モチロン、探しているレコードがある気持ちはよく解るっ。オイラ自身、レコード店の店主である前に、筋金入りのレコードコレクターでもあるので、「どうしても欲しい1枚がある」という感覚は痛いホド理解できます。

だけど、時々そのやり取りの中に、なんとも言えない違和感をカンジることがあるんですよね。

例えば、スマホの画面を見ると、かなり人気の高いレア盤だったりするんですよ。

時にはDiscogsの画面そのままだったり、Instagramで誰かが紹介していたレコードだったり。

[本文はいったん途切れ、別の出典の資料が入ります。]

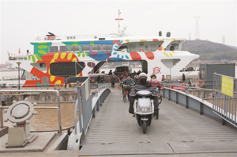 本报讯 近日,来往金塘大鹏岛与沥港的沥鹏渡涂上了“小岛你好”主题元素并投入使用。
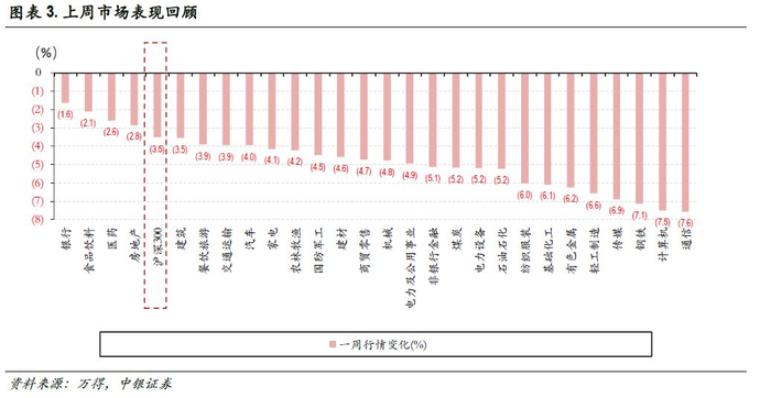 本周,行业全部下跌。跌幅较大的是通信、计算机和钢铁,跌幅较小的是银行、食品饮料和医药。
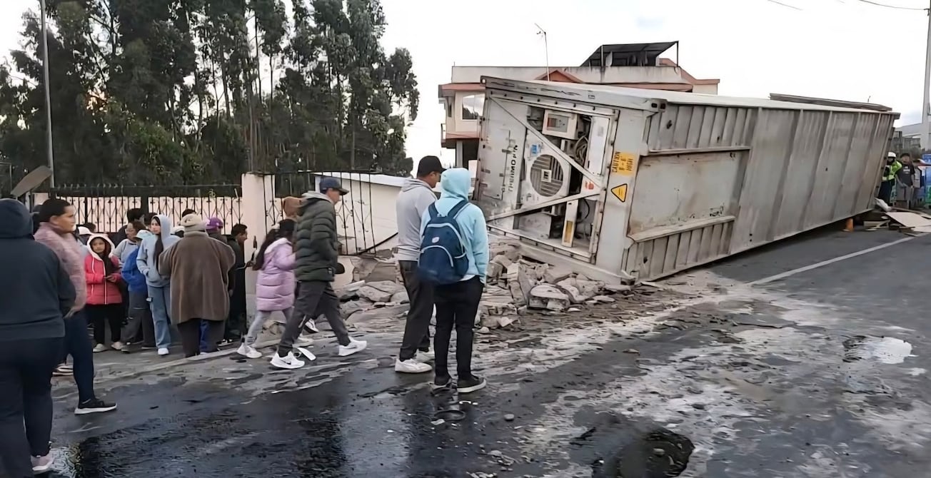 Un tráiler que circulaba desde la parroquia Montalvo hacia Huachi Grande, sector La Manzana de Oro, en el sur de Ambato, se volcó la tarde del lunes.
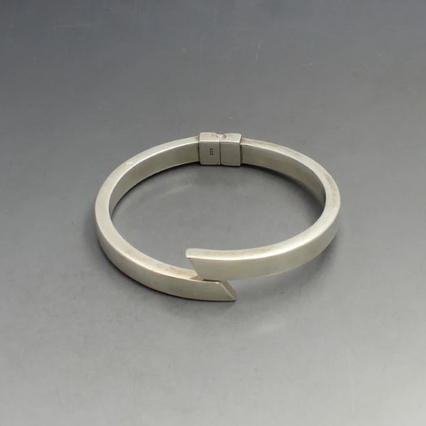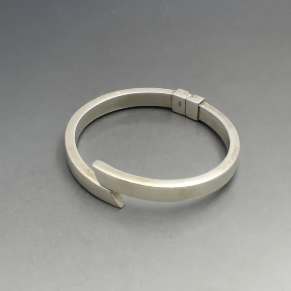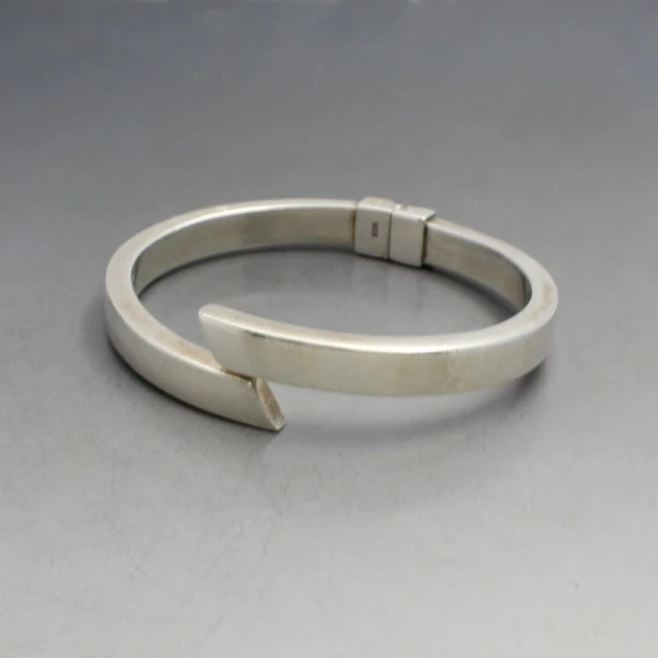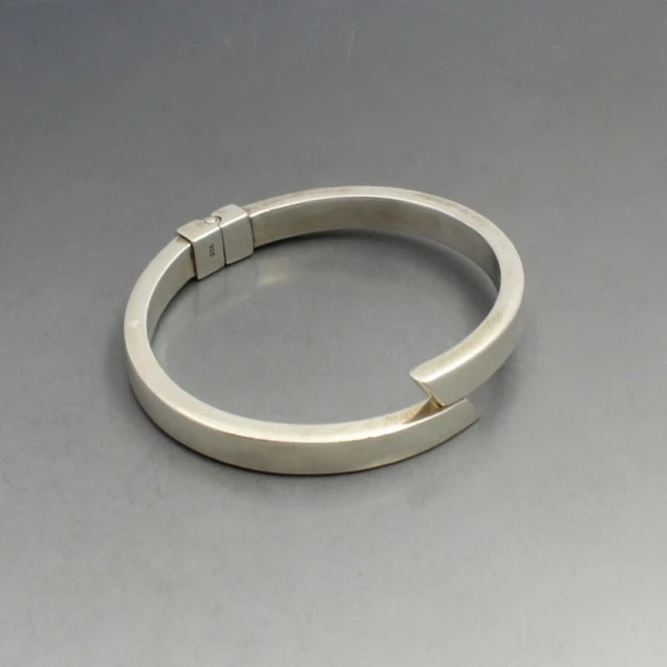 Vintage sleek sterling silver bangle. It is hingled and openable and is marked "925". It measures approximately 5.9 x 5.3 cm (clear internal dimensions) x 0.6 cm wide. Weight is 21 grams .It is in very good condition with small signs of wear commensurate with age.
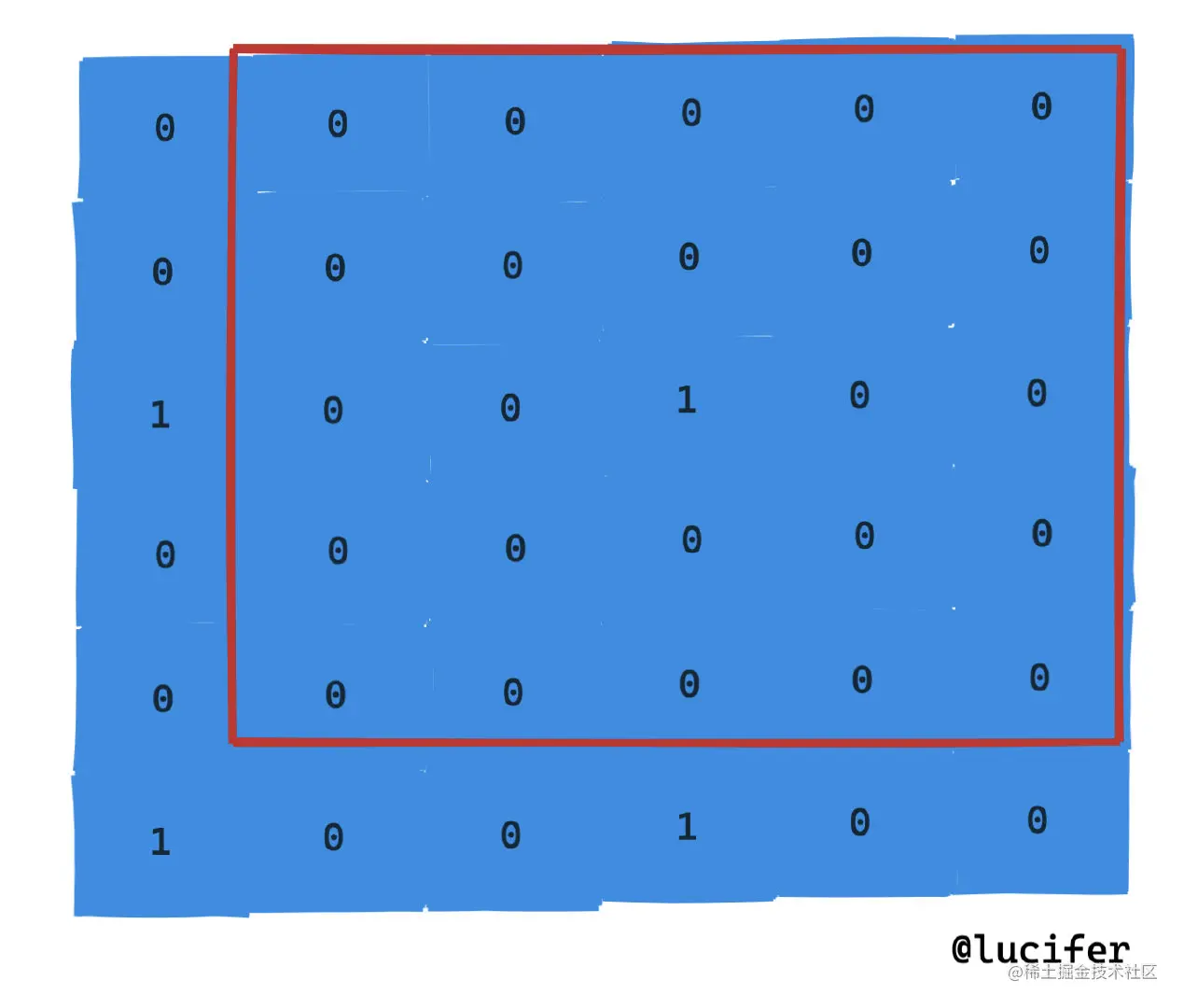 如下图,红色部分就是答案。只需要保证边全部是 0 就好了,所以里面有一个 1 无所谓的。
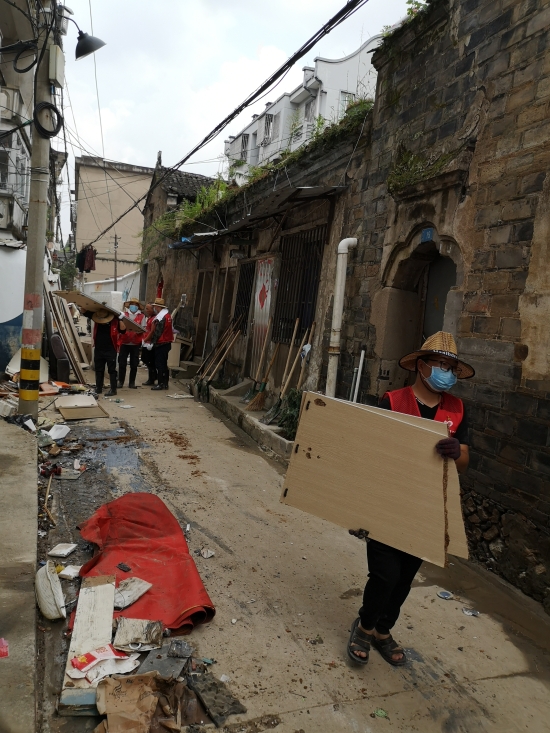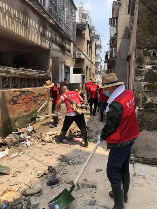 圖為臺州高速志愿者支援災區重建現場 在臨海古城赤城路米篩巷,臺州高速集團的志愿者們頂著毒辣的太陽,不怕臟不怕累,積極為災后重建貢獻力量,清理路面淤泥、垃圾,保障路面清潔以及道路順暢。 真情傳遞溫暖 愛心匯聚力量, 面對災后重建, 臺州高速集團用實際行動, 彰顯鐵軍精神, 承擔社會責任, 展現使命擔當。

もちろん、タイミングによっては在庫している場合もあります。

でも、そういう盤って基本的には回転も早いので、大抵はもう売り切れているコトが多いんです。

なので正直に「すみません、在庫ナイですね〜」とお伝えすると、

「どこに行けばありますか?」

って訊かれるコトもある。

いやいや…オイラも渋谷で長年レコード店をやっていますけど、渋谷中のレコード店の在庫を全部把握しているワケじゃないんですよ(笑)

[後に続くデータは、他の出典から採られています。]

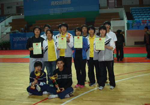 又讯 2012年浙江省高校跆拳道锦标赛暨全国大学生运动会跆拳道选拔赛于4月15日在浙江农林大学完满结束,米乐官网代表队在体育部叶星理老师的技术指导下,获得男子团体第一名的好成绩。其中姚国海同学获男子58公斤级冠军,任江、钟森、傅政东等三名同学分别获得不同级别的亚军。
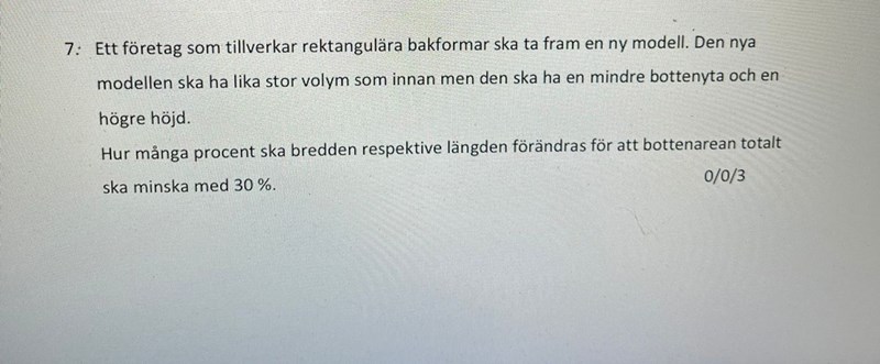 Måste både bredden och längden förändras? Om det enda kravet är att volymen ska förbli densamma men bottenytan ska vara minska med 30 % finns det flera lösningar. Om antingen bredden eller längden minskar med 30 % minskar hela bottenarean med 30 %, båda behöver inte ändra på sig. Om uttrycket för volymen är , skulle uttrycket för bottenarean vara . Om vi säger att bredden minskar med 30 % minskar hela bottenarean också med 30 %.

なので「解らナイですね〜」と返事をすると、そのままお店を出ていく方も結構多い。

このやり取り、日本人だけでなく外国人でも同じです。

ココで毎回、なんとも言えないモヤモヤが残るんですよね。

店頭には常時5000枚くらいのレコードが並んでいる。Soul、Disco、House、HipHop、Boogie、Garage、New Wave、R&B等…。
世界中から探してきたオリジナル盤がレコード棚にびっしり並んでいるんです。

だけど、その5000枚のレコードには一切目もくれない。

スマホ画面の中の「答えの1枚」だけを確認して、「ありません」「じゃあ失礼します」で終わってしまう。

その光景を見るたびに、「なんでオイラはこんなにモヤモヤするんだろう?」って考えるようになりました。

実は「レア盤が欲しい人」にモヤモヤしているワケじゃない

誤解してほしくないんだけど、オイラは別に「レア盤を探している人」が嫌いなワケではありません。むしろ「レアなレコードを手に入れたいっ!」っていうその気持ちはめちゃくちゃ理解できるんですよ。

レア盤って、やっぱり特別なんですよね。

数が少なかったり、時代背景があったり、DJ達のプレイによって神格化されていたり、長年再発されていなかったり…そういう物語を背負ったレコードって、やっぱりコレクター心をメチャ刺激するんです。

だから「どうしても欲しい」という感情は自然なコトなんだと思います。

ただ、オイラが多分モヤモヤしているのは、“レア盤を探しているコト”そのものではなく、「ありますか?」って訊いて、「はい、ありますよ」でカンタンに終わってしまうコトなんだと思うんですよね。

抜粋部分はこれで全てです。